*** DATA SHOWN Section Begins ***

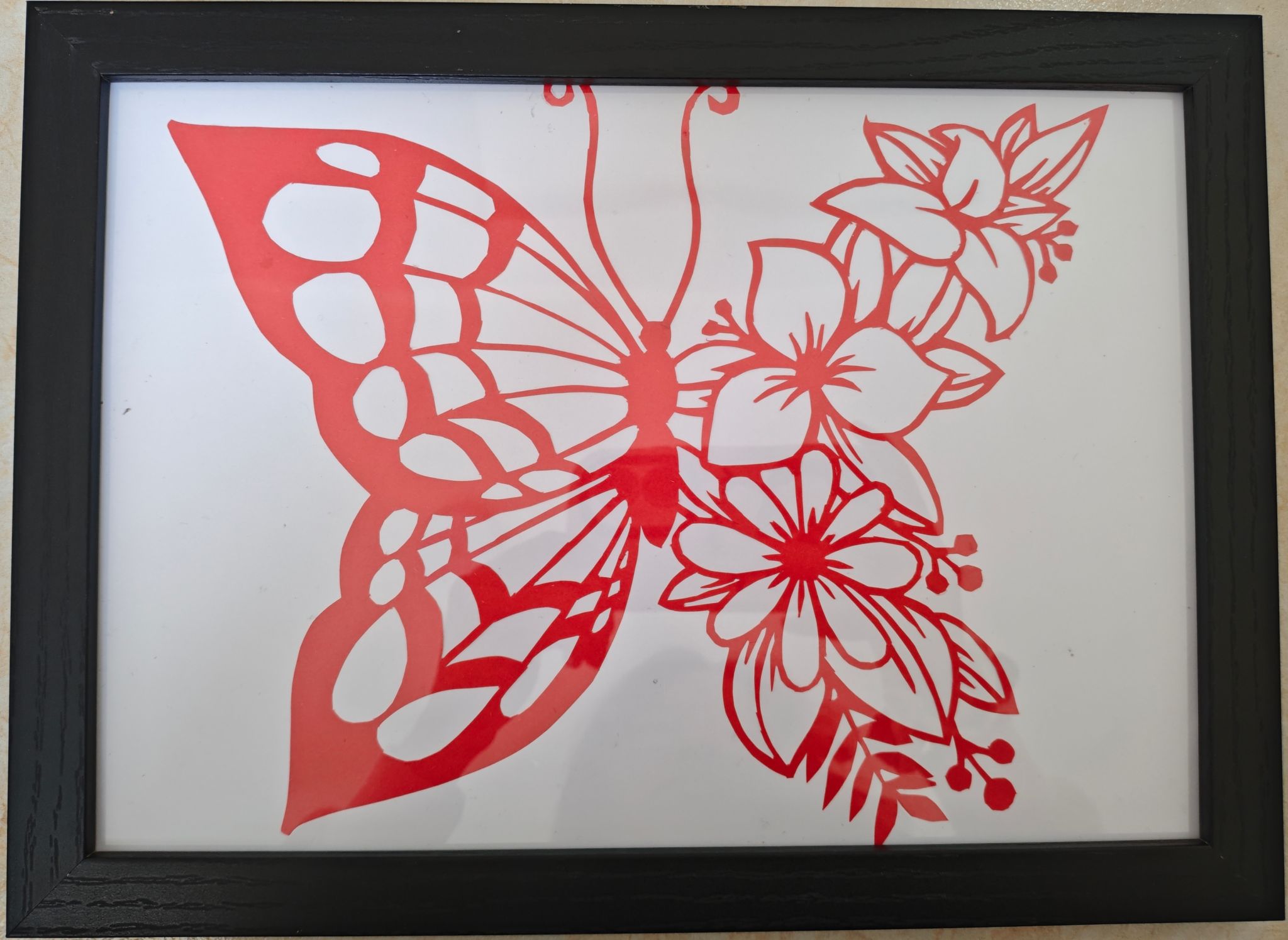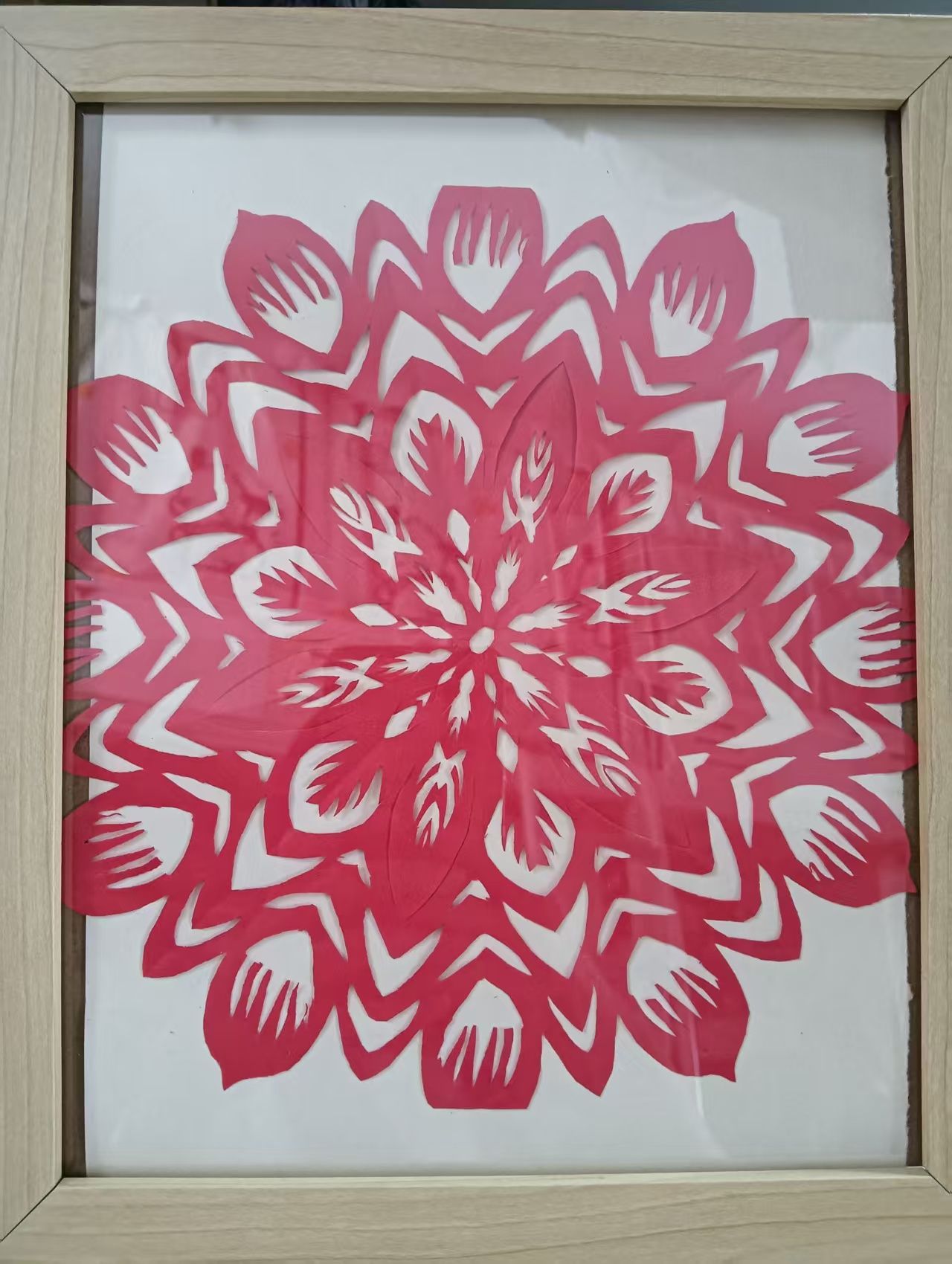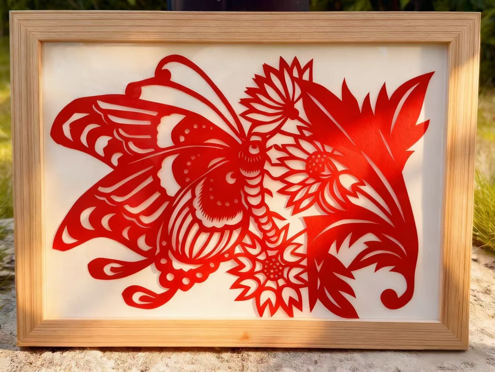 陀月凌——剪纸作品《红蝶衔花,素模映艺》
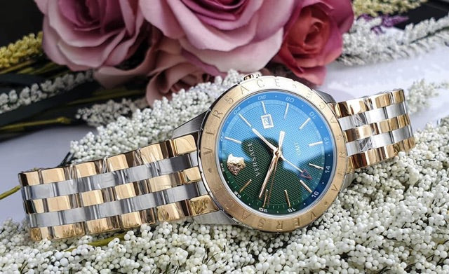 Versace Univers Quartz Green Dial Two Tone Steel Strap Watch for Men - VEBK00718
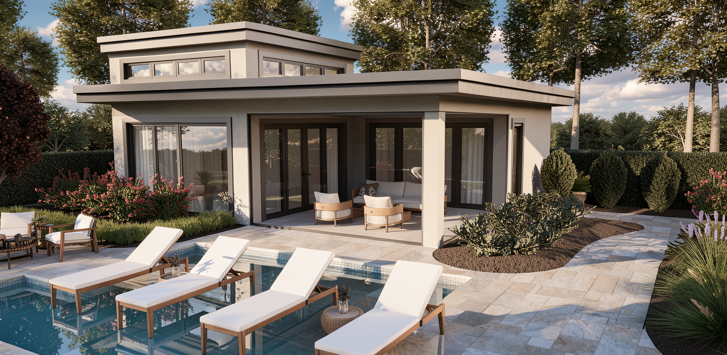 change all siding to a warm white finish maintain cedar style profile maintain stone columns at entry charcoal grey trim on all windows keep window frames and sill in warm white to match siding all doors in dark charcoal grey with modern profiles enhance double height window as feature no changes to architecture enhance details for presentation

*** DATA SHOWN Section Ends ***
*** DATA SHOWN Section Begins ***

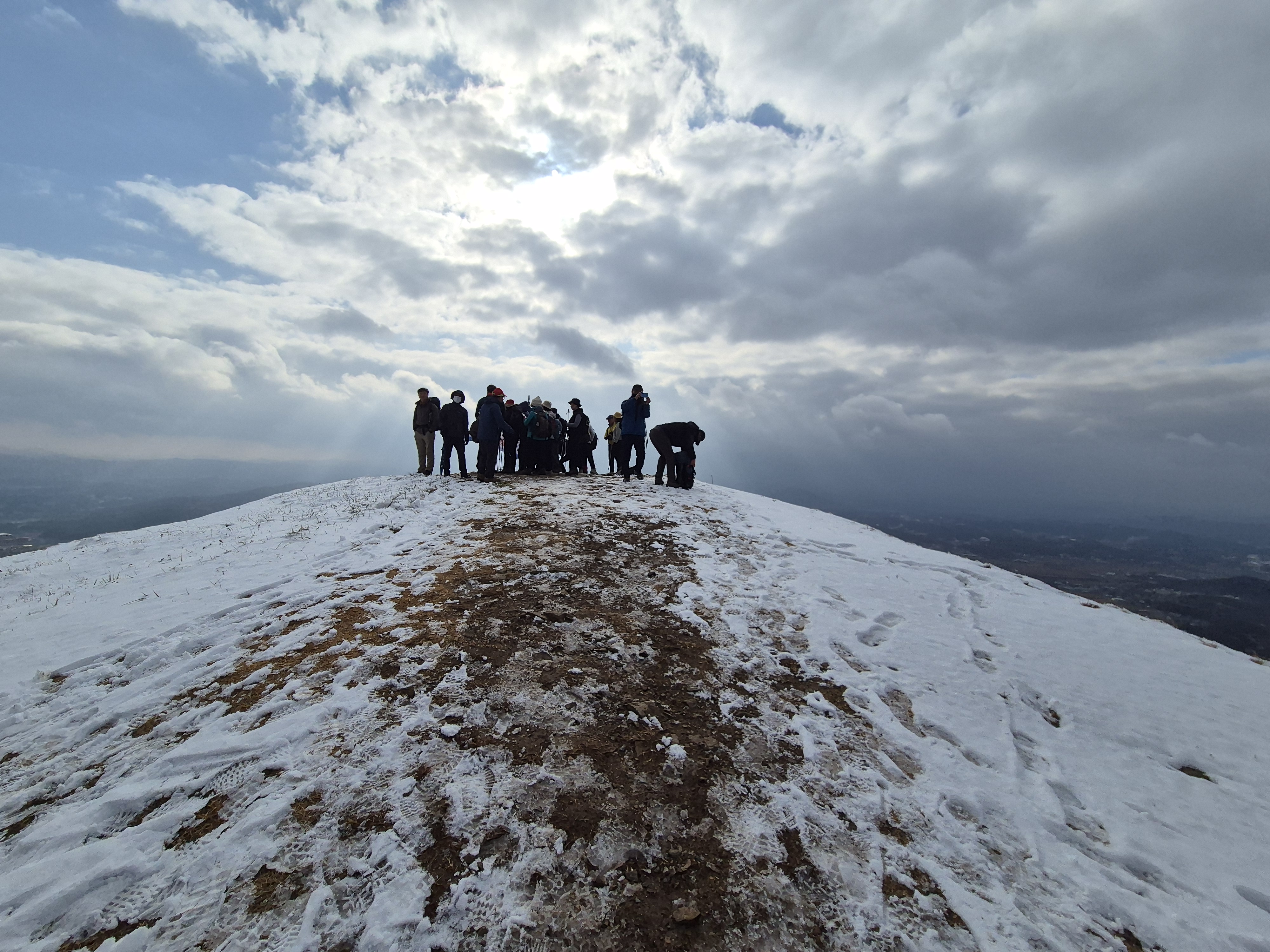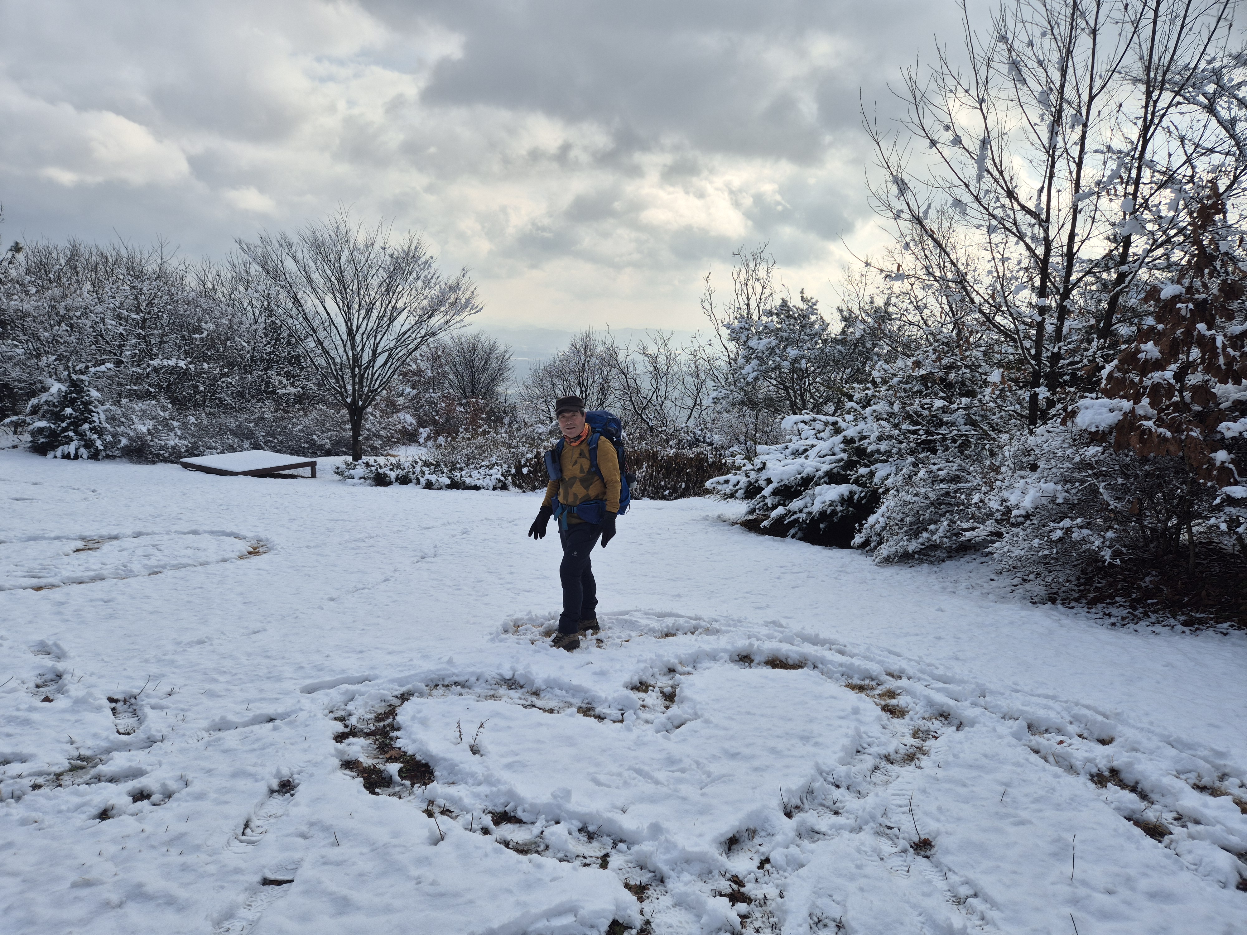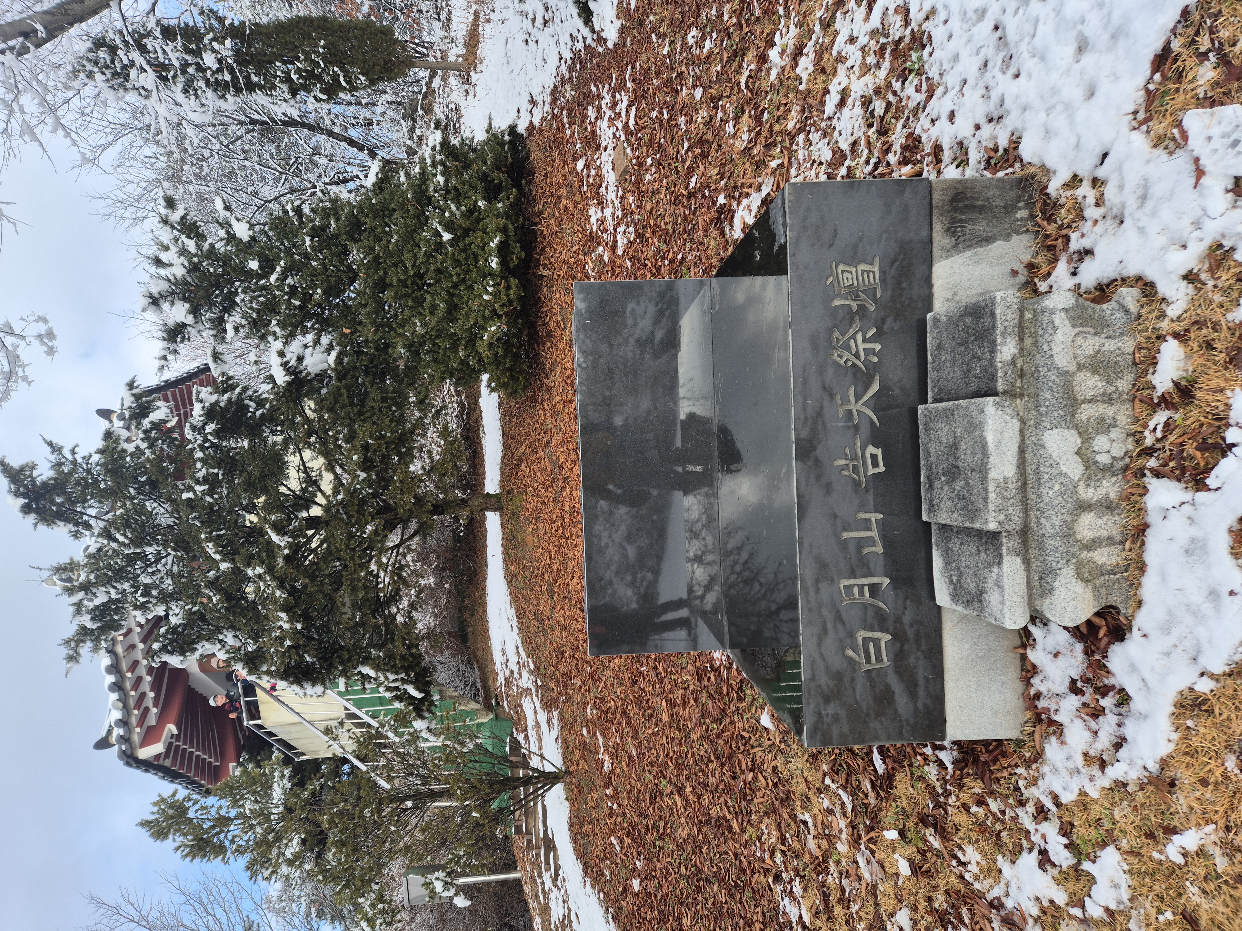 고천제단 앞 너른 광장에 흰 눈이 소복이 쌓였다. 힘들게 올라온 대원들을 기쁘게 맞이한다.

*** DATA SHOWN Section Ends ***
*** DATA SHOWN Section Begins ***

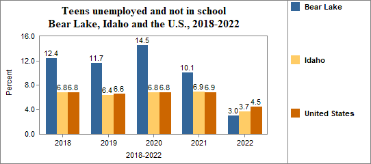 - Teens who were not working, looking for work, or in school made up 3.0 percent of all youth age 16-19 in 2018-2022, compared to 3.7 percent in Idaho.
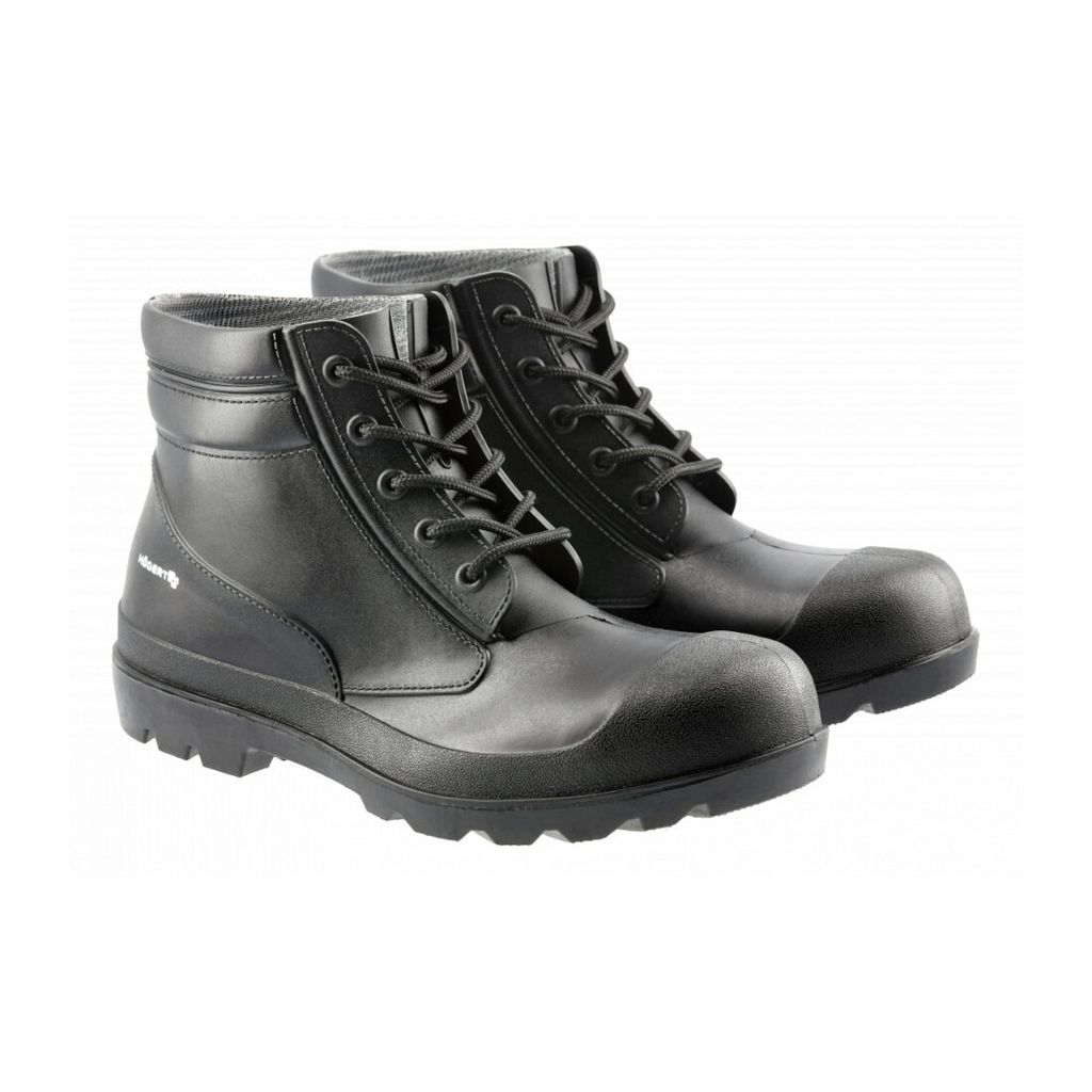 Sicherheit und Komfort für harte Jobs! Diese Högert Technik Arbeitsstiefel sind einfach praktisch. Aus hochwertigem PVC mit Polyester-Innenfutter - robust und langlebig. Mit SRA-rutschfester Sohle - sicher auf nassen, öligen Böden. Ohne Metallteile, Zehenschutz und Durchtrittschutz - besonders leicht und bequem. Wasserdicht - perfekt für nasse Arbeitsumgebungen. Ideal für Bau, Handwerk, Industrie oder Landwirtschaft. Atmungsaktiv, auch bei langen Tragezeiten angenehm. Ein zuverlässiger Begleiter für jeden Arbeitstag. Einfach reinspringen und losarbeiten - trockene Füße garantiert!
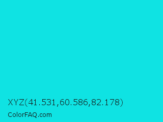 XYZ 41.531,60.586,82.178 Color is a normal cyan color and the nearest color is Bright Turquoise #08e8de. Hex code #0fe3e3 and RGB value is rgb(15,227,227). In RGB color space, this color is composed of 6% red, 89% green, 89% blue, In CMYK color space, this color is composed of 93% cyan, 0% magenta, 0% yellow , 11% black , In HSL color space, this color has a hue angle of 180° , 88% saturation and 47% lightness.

*** DATA SHOWN Section Ends ***

WORK REQUIRED: Please output the lines above beginning at the line with "陀月凌——剪纸作品《红蝶衔花,素模映艺》" and ending after the line with "change all siding", precisely as written and with no pictures.

OUTPUT FOR THIS EXERCISE:
 陀月凌——剪纸作品《红蝶衔花,素模映艺》
 Versace Univers Quartz Green Dial Two Tone Steel Strap Watch for Men - VEBK00718
 change all siding to a warm white finish maintain cedar style profile maintain stone columns at entry charcoal grey trim on all windows keep window frames and sill in warm white to match siding all doors in dark charcoal grey with modern profiles enhance double height window as feature no changes to architecture enhance details for presentation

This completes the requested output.